Bildungsminister Christoph Wiederkehr (NEOS) hat den Ausbau von Sonderschulen befürwortet, was die Kritiker auf den Plan ruft. Der NÖAAB hat bereits 2017 den Erhalt von Sonderschulen gefordert, was auf eine tief verwurzelte Einstellung zur Bildung von Kindern mit besonderen Bedürfnissen hinweist.
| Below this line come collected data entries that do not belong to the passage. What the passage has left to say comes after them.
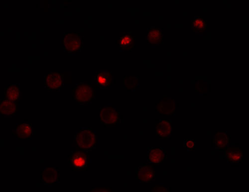 Immunofluorescence of KPNA4 in HeLa cells with KPNA4 antibody at 20 μg/mL. |
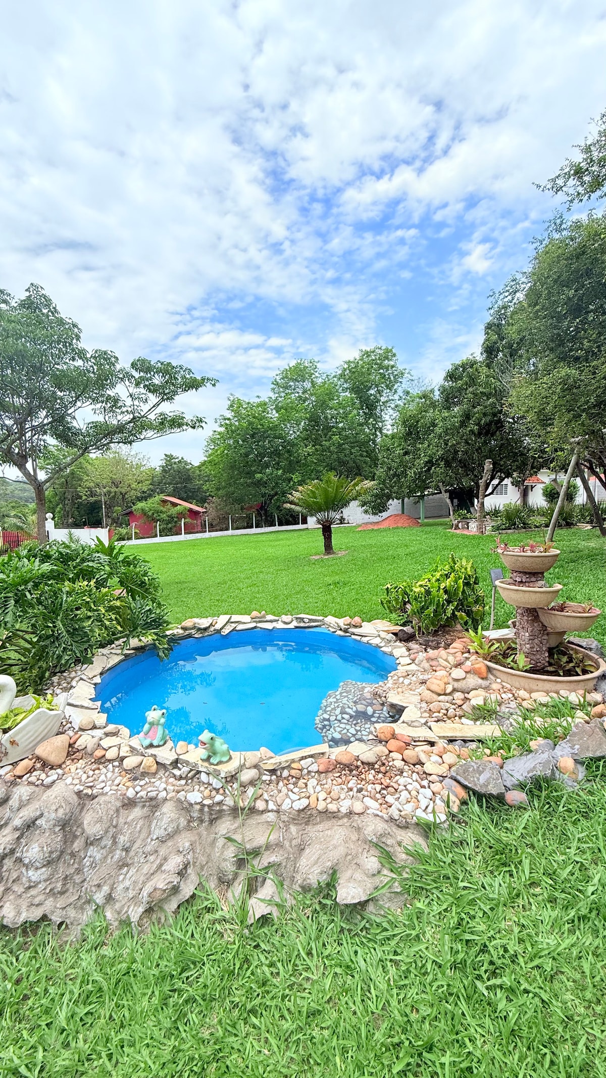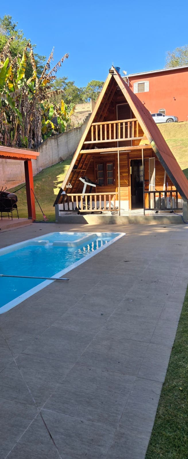 Detalhes do Chalé PRIVATIVO Cap. MÁX: 6 pessoas Cap. p/ pernoite: 5 pessoas Quartos: 2 Banheiros: 2 Sala e cozinha completa Ar condicionado e ventilador Churrasqueira Psicina particular e privativa. Comodidades do Sítio 4 Piscinas Lago de pesca esportiva Playground Trilha na mata Mercado de autoatendimento Campo de futebol e vôlei de areia Segurança 24 horas e cameras de monitoramento
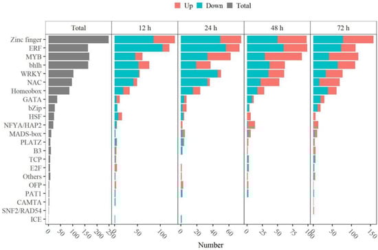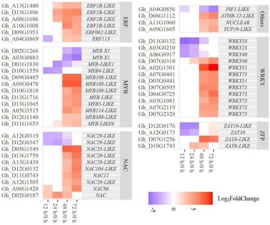 Transcription factors play an important role in regulating the expression of genes related to organ shedding [,,,]. In this study, 1197 differentially expressed transcription factors (TFs) were found in AZ after TDZ treatment, including Zinc finger, MYB, bhlh, ERF, WRKY, NAC, Homeobox, and so on (Figure 12, Supplementary Table S7). ERF, bhlh, and Homeobox TFs were mostly down-regulated at all four time points; while there were more WRKY, Zinc finger, MYB, and NAC TFs down-regulated at 12–24 h and more up-regulated genes at 48–72 h. The dynamic gene expression patterns of TFs were divided into four clusters including continuously up-regulated (Cluster 1), first up- and then down-regulated (Cluster 2), first down- and then up-regulated (Cluster 3), and continuously down-regulated (Cluster 4) (Figure S4A). More differentially expressed TFs were identified in Cluster 4 (Figure S4B). Among all the TFs, WRKY75, WRKY51, WRKY40, MYB108, MYB114, MYB308, MYB5, NAC12, NAC25, NAC29, NAC86, NAC104, ZAT6, ERF62, and ERF1B were up-regulated; while WRKY53, WRKY40, WRKY25, MYB4, NAC29, and ZAT10 were down-regulated in AZ (Figure 13).
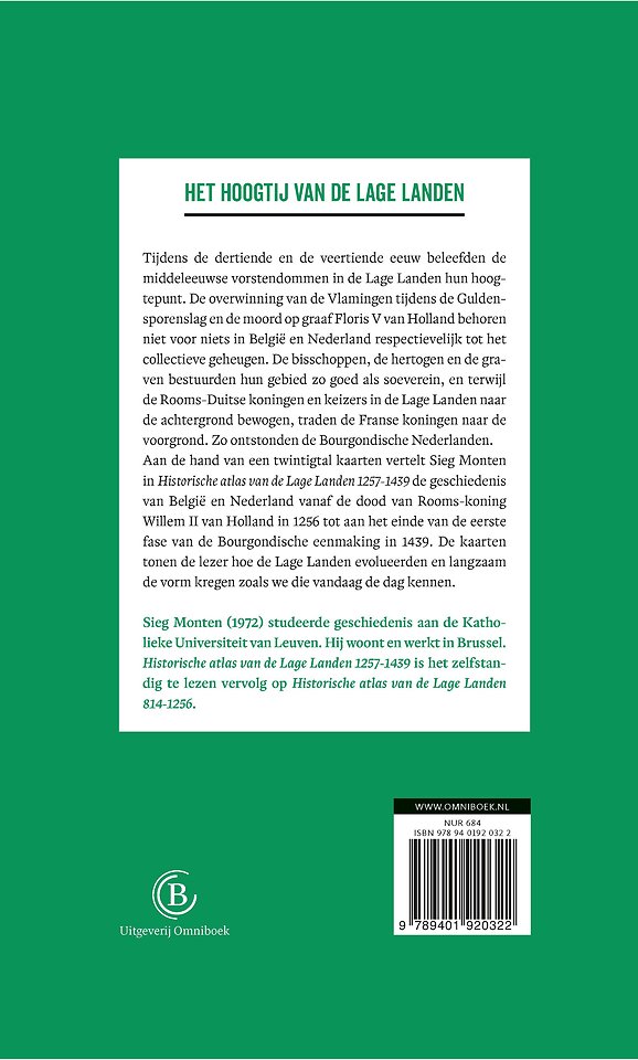 In ‘Historische atlas van de Lage Landen 1257-1439’ beschrijft Sieg Monten de geschiedenis van België en Nederland aan de hand van twintig historische kaarten. Hij begint met de dood van Rooms-koning Willem II in 1256 en eindigt in 1439, wanneer de eerste fase van de Bourgondische eenmaking afgerond is. De kaarten tonen de politieke en militaire geschiedenis van het gebied dat nu België en Nederland is. Elke kaart overspant de regeerperiode van een Rooms-Duitse vorst. Op (een deel van) het graafschap Vlaanderen na vertegenwoordigde hij in de Lage Landen tussen de dertiende en de vijftiende eeuw het centrale gezag. De kaarten tonen de lezer hoe de Lage Landen evolueren en kaart voor kaart de vorm krijgen zoals we die vandaag de dag kennen.
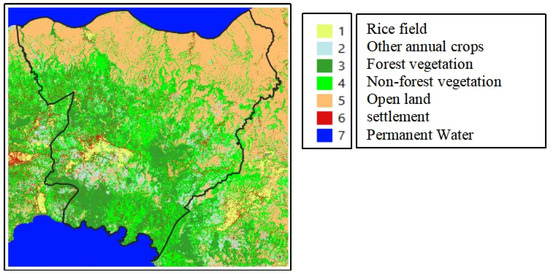 Central Sumba District is one of four districts on Sumba Island and is part of the East Nusa Tenggara Province (EAT), Indonesia. This district was formed in 2006, and is a division area of the West Sumba District [81]. Climatologically, Central Sumba District is classified as a dry area because the amount of annual rainfall is relatively low, less than 1500 mm, and is concentrated in the four wet months from December to March. The characteristics of this dry area are that the local type of agriculture is dry land farming; most people rely on this sector as their economic base. An overview of land cover—specifically paddy fields, other annual crops, forest vegetation, non-forest vegetation, open land, and settlements in this district—is shown in Figure 4.
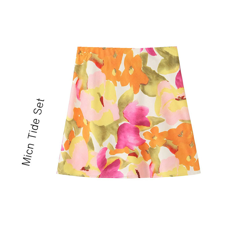 少女感十足高腰遮垮显腿长花色印花短裙女油画碎花显瘦短款A字裙
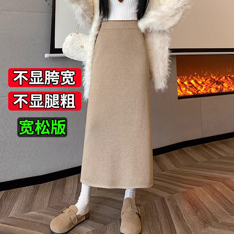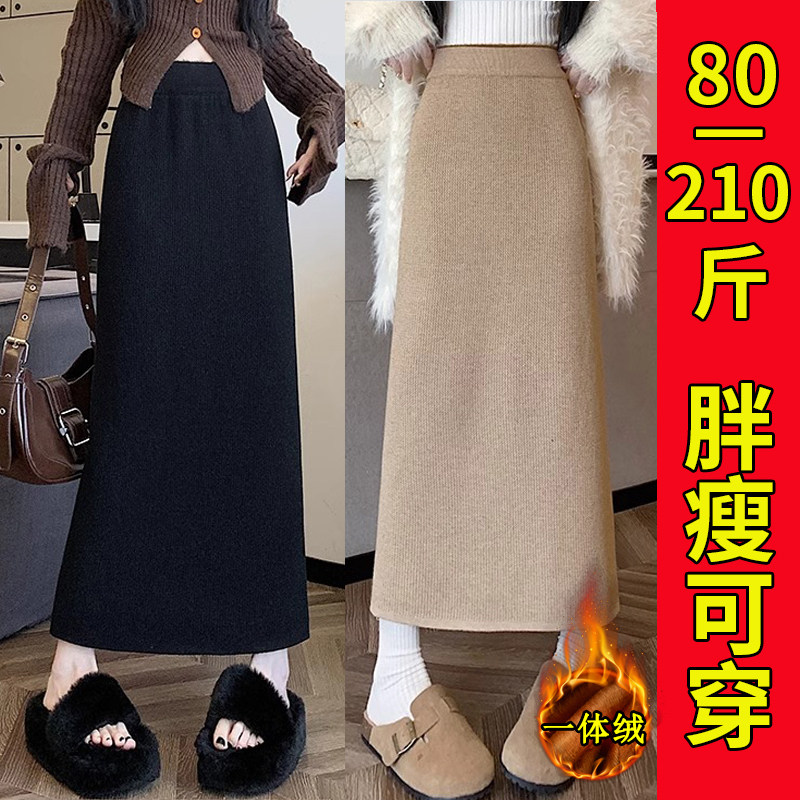 大码胖mm加绒加厚针织半身裙女秋冬加长高个子裙子直筒包臀裙长裙
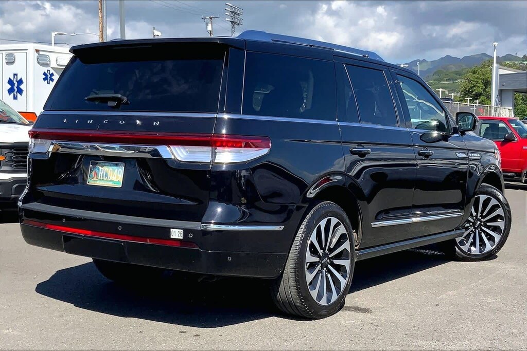 EQUIPMENT GROUP 201A RESERVE I Luxury Package, Perfect Position Seats (30-Way) w/Active Motion, power thigh extender, head restraints and auto heated/ventilated w/memory, Illuminated 1st & 2nd Row Seat Belts, ambient lighting w/LED, Lincoln Lit Star in Grille, Revel Ultima 3D Audio System w/28 Speakers, subwoofer (featuring QuantumLogic 3D Surround technology), WHEELS: 22 12-SPOKE BRIGHT-MACHINED ALUMINUM ebony black painted pockets, HEAVY-DUTY TRAILER TOW PACKAGE additional Lincoln Co-Pilot360 2.0 towing technology, Tiered Cargo Area Management System, 4-way configurable partition, Trailer Brake Controller, Trailer Sway Control, Pro-Trailer Backup Assist 2.0, Class IV w/4-Pin & 7-Pin Connectors, 2-Speed Transfer Case, Slow Climb Drive Mode, Front Tow Hooks, Smart Trailer Tow, 2ND ROW HTD/VENT ENHANCED MASSAGE SEATS W/CONSOLE 5.8 LCD touchscreen and multimedia audio controls, ALL-WEATHER FLOOR LINERS W/CARPET FLOOR MATS Front and rear, TRANSMISSION: 10-SPEED AUTOMATIC W/SELECTSHIFT paddle activation (STD), ENGINE: 3.5L TWIN-TURBOCHARGED V6 (STD). Rear Spoiler, MP3 Player, Remote Trunk Release, Privacy Glass, Keyless Entry.

Peter Zeman, Direktor des Brucker Polytechnikums, kritisiert die unzureichenden Mittel für die Inklusion und den mageren Personalschlüssel, der nur drei Wochenstunden pro Kind für zusätzliches Lehrpersonal vorsieht. Diese Rahmenbedingungen führen dazu, dass Lehrkräfte oft überfordert sind, besonders wenn sie keine sonderpädagogische Ausbildung haben.
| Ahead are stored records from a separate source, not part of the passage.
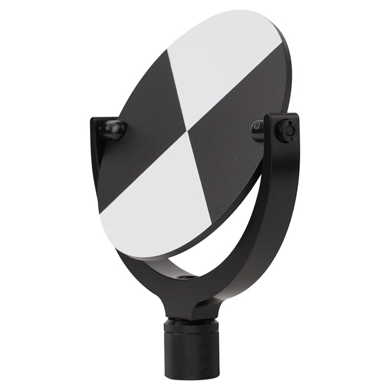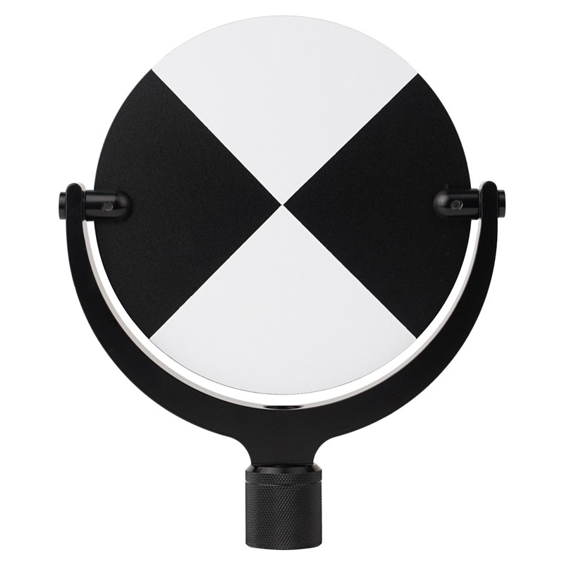 - Увеличенный размер черно-белой мишени позволяет использовать геодезический отражатель при съемке с больших дистанций, размещая ее в зонах перекрытия сканов для минимизации количества съемочных позиций.
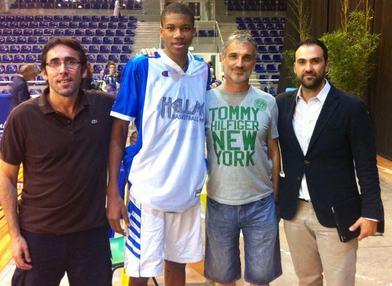 - ¿Cincuenta scouters de la NBA se acercaron a ver a Giannis Adekotunbo con la selección Griega U20? Se podría decir que los ojeadores de las franquícias estadounidenses han perdido la cabeza por éste ala-pívot nigeriano con pasaporte heleno. Pero aprovechando el Adidas Eurocamp celebrado en Treviso, la mayoría decidió recorrer 45 minutos de viaje para presenciar el torneo U20 donde participaban los combinados de Turquia, Croacia, Italia y Grecia. Con la presencia del citado jugador. Los griegos ganaron a Croacia, con una buena actuación de Giannis con 17 de valoración. Ante los turcos se destapó y acabó con 17 puntos, pero cayeron claramente ante Savas, Karaman y Balbay (93-82). Ante Italia también cayeron. Todos tomaron notas de las evulociones del menor de los Adekotunbo, unos más satisfechos que otros. Que comparan al nacionalizado como un proyecto inicial parecido a Kevin Durant. Además, el jugador tuvo una visita muy especial procedente de España. El técnico del CAI Zaragoza Jose Luís Abós y el secretario técnico maño Willy Villar quisieron estar con el jugador en un momento tan importante para él. Una imagen vale más que mil palabras.
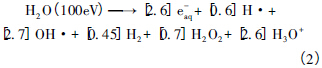 電子束預處理技術不需要添加額外的化學試劑,不生成副產物,并且可以通過由輻射產生的OH·來降解有毒難處理的物質[49]。當高能電子束輻射純水時,在10-7s 內發生化學反應[50]:
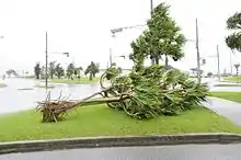 Winds from Chan-hom were strong enough to knock down street signs across Zhejiang, as well as destroying an unoccupied building in Cixi City.[56] The storm's heavy rainfall caused a landslide in Ningbo and necessitated flood gates to be opened.[57] Also in the city, storm rains caused a hotel roof to collapse, killing one person and injuring two.[58] Throughout Zhejiang, Chan-hom wrecked 700 homes and damaged another 1,400. In neighboring Jiangsu, 300 homes were damaged or destroyed, causing ¥120 million (US$19.3 million) in economic losses.[59] The storm wrecked greenhouses and irrigation systems while also damaging crops.[60] Storm impacts mostly affected agriculture and transportation in the country;[61] over 200,000 ha (490,000 acres) of crop fields were impacted.[62] In the Nanhui District of Shanghai, 20% of peaches and 40% of pears were lost after being damaged by the storm's winds.[63] In Shanghai, the winds knocked down over 3,000 trees.[53] The high agriculture damage – estimated at ¥3.62 billion (US$582.9 million) – was mostly due to the typhoon's concurrence with the local harvesting of vegetables and melons.[53] Overall, Chan-hom affected 3.9 million people in eastern China, causing about ¥9.84 billion (US$1.58 billion) in damage.[45]
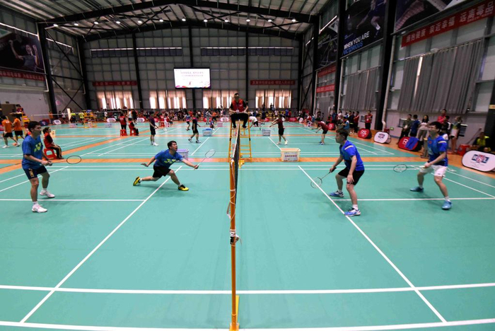 运动员在贵州省锦屏县体育运动场羽毛球馆参加2021年“锦屏亚狮龙杯”羽毛球赛(2021年5月2日摄)。新华社发(杨晓海摄)

Die Herausforderungen der Inklusion

Der Diskurs über Inklusion wird oft von der Realität eingeholt, dass in Sonderschulen die Klassengrößen kleiner sind als in Regelschulen. Während in Sonderschulen zwischen sechs und zehn Kinder unterrichtet werden, sind es in Regelschulen oft 20 bis 30 Kinder. Eva Wenzel, eine Sonderschullehrerin, spricht sich für eine individuelle Fallbeurteilung und die Wahlfreiheit der Eltern aus. Jeanette Pschill, Mutter eines Sonderschülers, bringt Licht ins Dunkel und schildert ihre Erfahrungen mit Behörden und die Diskriminierung, die sie und ihr Kind in Regelschulen erfahren mussten. Sie fordert mehr Aufklärung, um gegen diese Diskriminierung vorzugehen. Zeman argumentiert, dass Diskriminierung nicht durch eine bloße Umbenennung von Schulen verschwinden kann.
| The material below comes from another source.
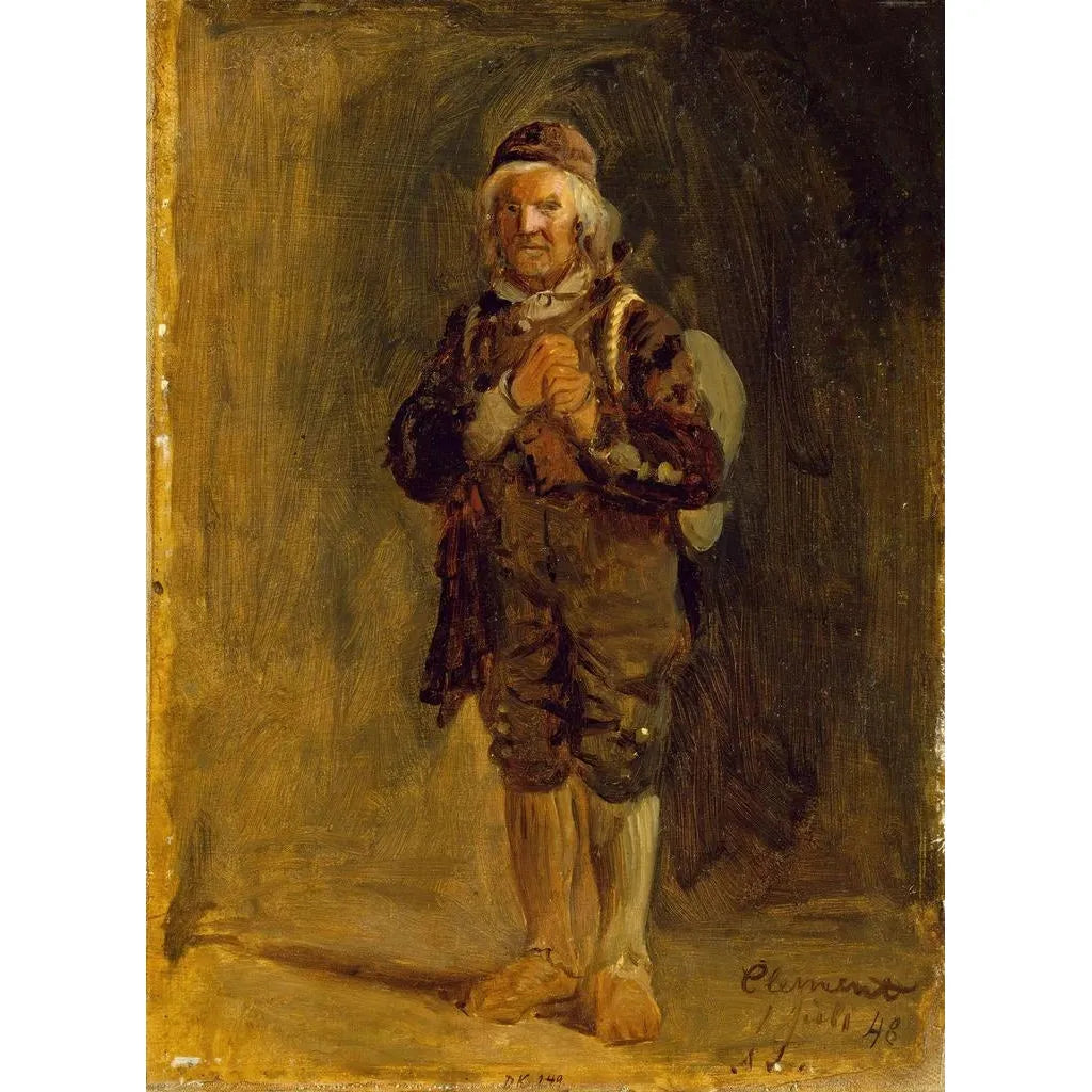 I konsttrycket av "Clement Ringnes de Sigdal" fördjupar sig Adolph Tidemand i en idyllisk scen, där den norska naturen avslöjar sin fulla prakt. De mjuka och naturliga färgerna, från lugnande grönt till varmbrunt, skapar en atmosfär av stillhet. Tidemand's teknik, kännetecknad av noggrann realism, gör det möjligt att känna livskraften som utstrålar från varje figur. Detaljerna i de traditionella kostymerna och de omgivande landskapen bjuder in till en immersiv reflektion, vilket gör detta konsttryck till ett äkta livsbild.

In einem breiteren Kontext betrachtet, zeigt sich, dass das Problem der inklusiven Bildung nicht nur in Österreich, sondern auch in Deutschland besteht. Dort wird Behinderung oft nicht als normaler Teil der menschlichen Diversität anerkannt, was die Notwendigkeit von Sonderstrukturen aufrechterhält. Kritiker sehen das Elternwahlrecht häufig als Scheinwahlrecht, das dazu dient, Förderschulen zu erhalten. Sechs von zehn Kindern mit sonderpädagogischem Förderbedarf besuchen Förderschulen, oft weil es in der Nähe keine qualitativ hochwertigen inklusiven Schulen gibt. Ressourcen für inklusive Bildung sind zwar vorhanden, stecken aber im Förderschulsystem fest. Diese Herausforderungen werden durch die Tatsache verstärkt, dass Lehrkräfte an Regelschulen oft nicht ausreichend für inklusiven Unterricht ausgebildet sind.

Ein Blick in die Zukunft

Die inklusiven Bestrebungen in Deutschland sind, trotz einiger Fortschritte, noch nicht weit verbreitet. Die UN-Behindertenrechtskonvention fordert nicht die Abschaffung von Förderschulen, sondern einen systematischen Wandel hin zu einem inklusiven Bildungssystem. Aktuell besuchen über 55,9% der Schüler mit sonderpädagogischem Förderbedarf Förderschulen, was die stagnierende Exklusionsquote unterstreicht. Die Aufrechterhaltung separierender Strukturen wird als teuer und ineffizient angesehen. Um ein inklusives System zu schaffen, ist es notwendig, die Trennung von Diagnostik und Pädagogik zu überdenken und die Rolle der Sonderpädagog*innen zu stärken.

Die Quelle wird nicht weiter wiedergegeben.